The field trials are set to start in August on almond orchards in the Australian state of Victoria, following the signing of an agreement with one of Australia’s largest almond growers, the publication said.

Edete’s system starts with mechanical collection of flowers, separation of pollen from the anthers and other flower parts, and the production of pure pollen, according to the report.

The best genetically 'fit' pollen is then applied on the target trees using the company’s robotic pollination system, which uses a combination of technologies to disperse an optimal dosage of pollen on the target flowers for effective pollination. The application units can work during day or night, and independent of ambient temperature.

Edete said it has successfully completed field trials in almond orchards in Israel using its mechanical pollen harvesting and robotic pollinator system, resulting in substantially increased yields. The company is also planning to set up an operational centre in California that will serve the state’s 7,400 almond growers, Future Farming said.

“Australia is the second-largest almond producer in the world and continues to increase acreage under cultivation in a way that makes the country a key proving ground for us,” Keren Mimran, Edete co-founder and VP for business development and marketing, told Future Farming. Edete’s system can also pollinate pistachios, apples, cherries, pears, plums, among others, Mimran said.

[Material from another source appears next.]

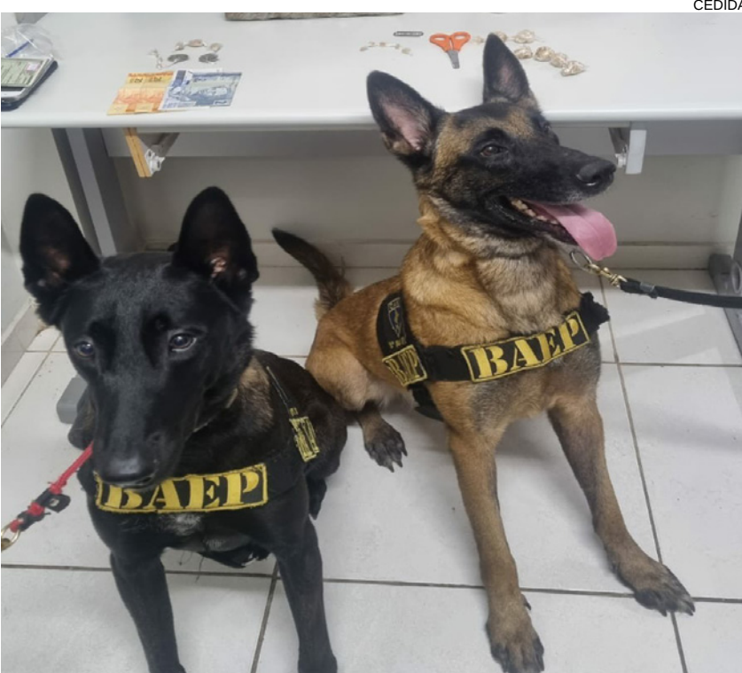
Canil da Polícia Militar participou da operação

The decline of natural pollinators, namely insects and specifically honeybees, has led to an intensified search for a solution to protect crop yields and solve the challenge facing farmers who need to grow more fruits while facing a shortage of beehives for pollinating their orchards.

About 75 per cent of the world’s crops rely on insect pollination for yield and quality. Without an alternative pollination solution in the coming years, food security is at risk, food prices are likely to climb sharply, and certain foods might become scarce, says Edete.